EXERCISE = Beginning with the line containing "MUI Sumatera Utara" and ending with the line containing "Deze houten messen", write out each line of the records below exactly; pictures and lines outside that range are left out.
= = = = = = =
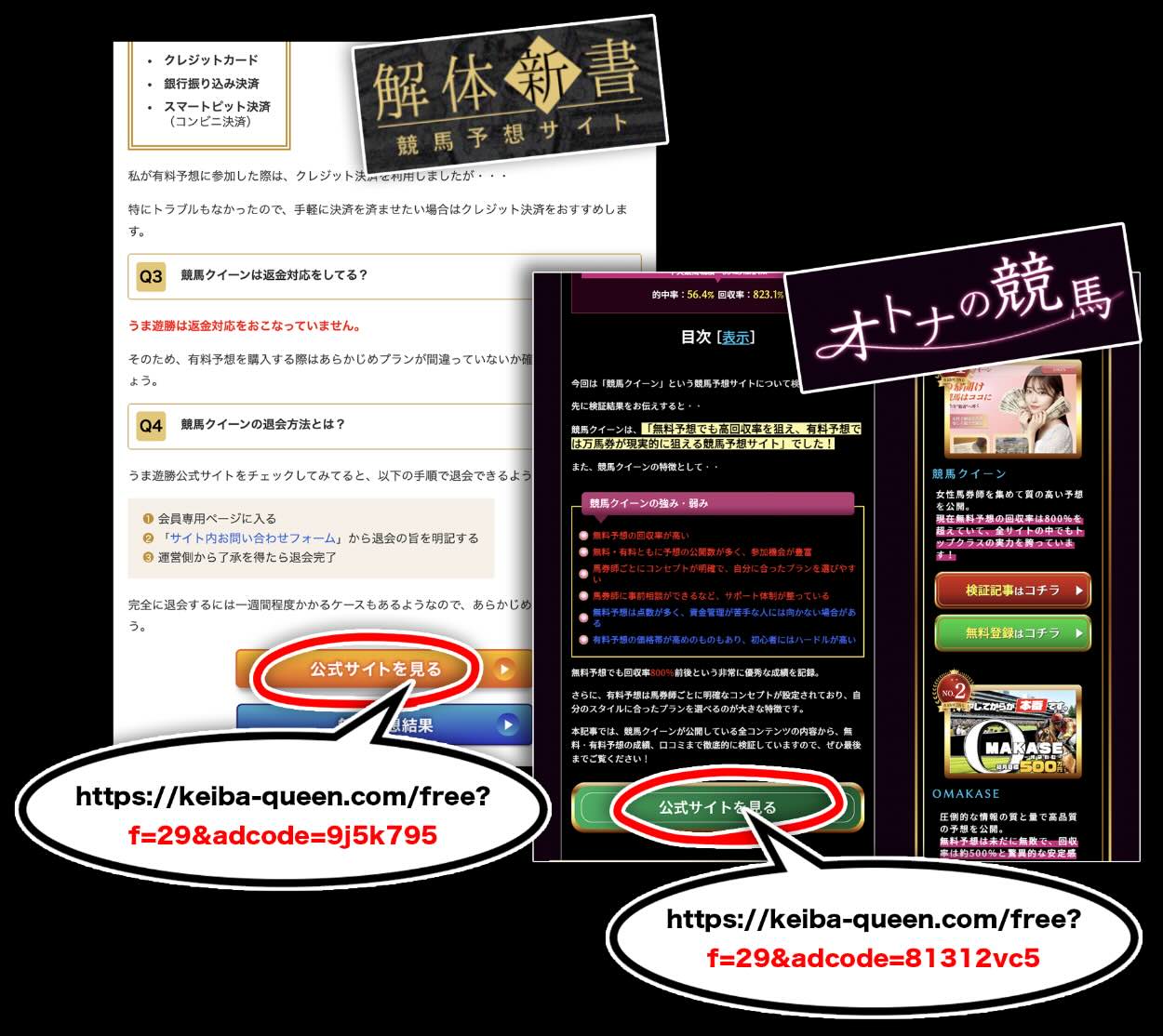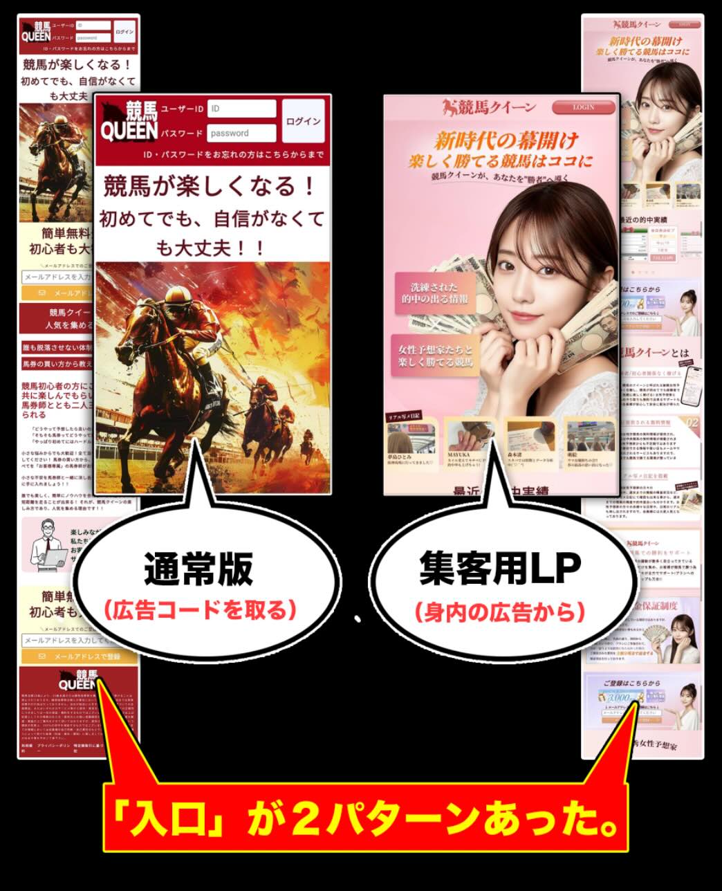 今回取り上げた「競馬クイーン」という競馬予想サイトは、表面上のサービス内容だけを確認しても、外部集客サイトからのみアクセスできる「集客用LP」のページと、通常アクセス時に表示される「通常版」ページが併存しており、全体像を把握しづらい競馬予想サイトの一例と言える。
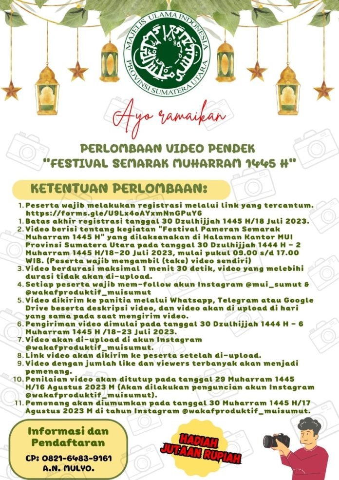 MUI Sumatera Utara mengundang semua individu yang berbakat dan bersemangat untuk bergabung dalam Perlombaan Video Pendek “Festival Pameran Semarak Muharram 1445 H”. Jadikan momen ini sebagai peluang untuk menunjukkan kreativitas Anda dan berpartisipasi dalam kegiatan yang memberikan inspirasi dan kebermanfaatan dalam masyarakat. (Yogo Tobing)
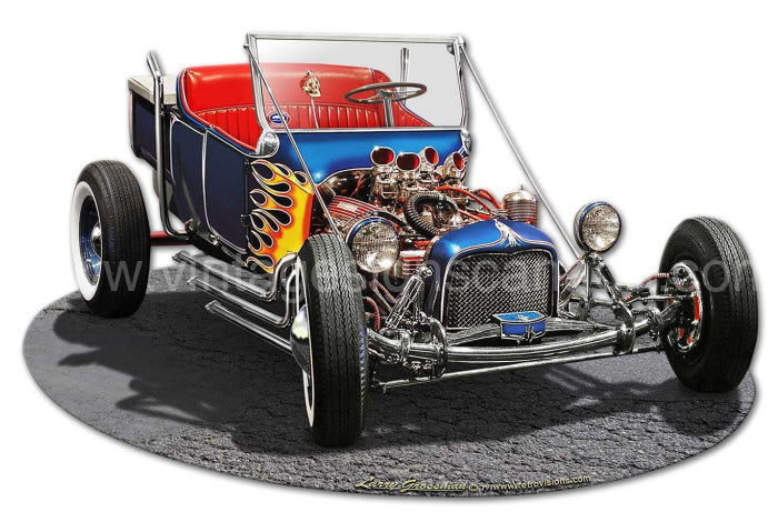 From the Larry Grossman sign collection, this 1922 Kookie T Bucket custom shape measures 18 inches by 12 inches and weighs 2lb(s). This sign is hand made in the USA using heavy gauge American steel. LGB435
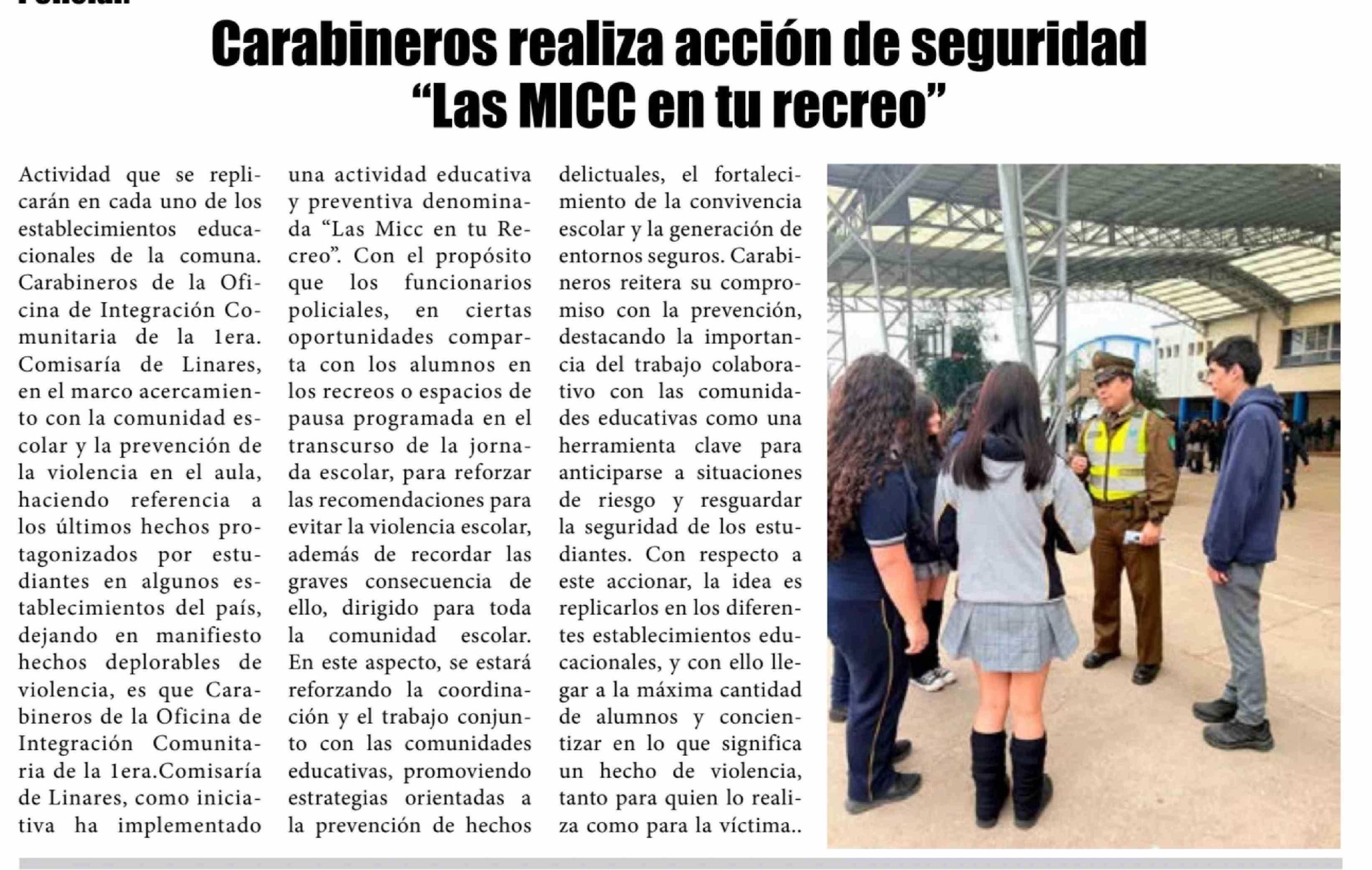 Título: Carabineros realiza acción de seguridad "Las MICC en tu recreo"
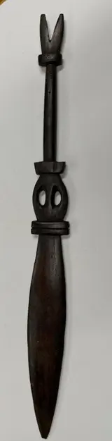Deze houten messen waren persoonlijke bezittingen. Hoe hoger de eigenaar in rang, hoe uitgebreider de messen waren. De meeste van die messen zijn begraven bij de eigenaar toen hij overleed.
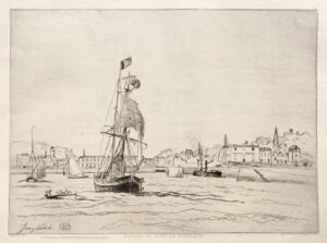 I.F.F. n°86-2. Très belle épreuve sur vergé publiée dans la “Société des Aquafortistes” en 1864. Légère oxydation sur les bords des marges; une légère petite cassure au centre, surtout visible au verso; quelques légères traces de plis marginaux. Grandes marges. Timbre sec des éditeurs Cadart et Luquet.
= = = = = = =
RESULT FOR THIS TASK =
 MUI Sumatera Utara mengundang semua individu yang berbakat dan bersemangat untuk bergabung dalam Perlombaan Video Pendek “Festival Pameran Semarak Muharram 1445 H”. Jadikan momen ini sebagai peluang untuk menunjukkan kreativitas Anda dan berpartisipasi dalam kegiatan yang memberikan inspirasi dan kebermanfaatan dalam masyarakat. (Yogo Tobing)
 From the Larry Grossman sign collection, this 1922 Kookie T Bucket custom shape measures 18 inches by 12 inches and weighs 2lb(s). This sign is hand made in the USA using heavy gauge American steel. LGB435
 Título: Carabineros realiza acción de seguridad "Las MICC en tu recreo"
Deze houten messen waren persoonlijke bezittingen. Hoe hoger de eigenaar in rang, hoe uitgebreider de messen waren. De meeste van die messen zijn begraven bij de eigenaar toen hij overleed.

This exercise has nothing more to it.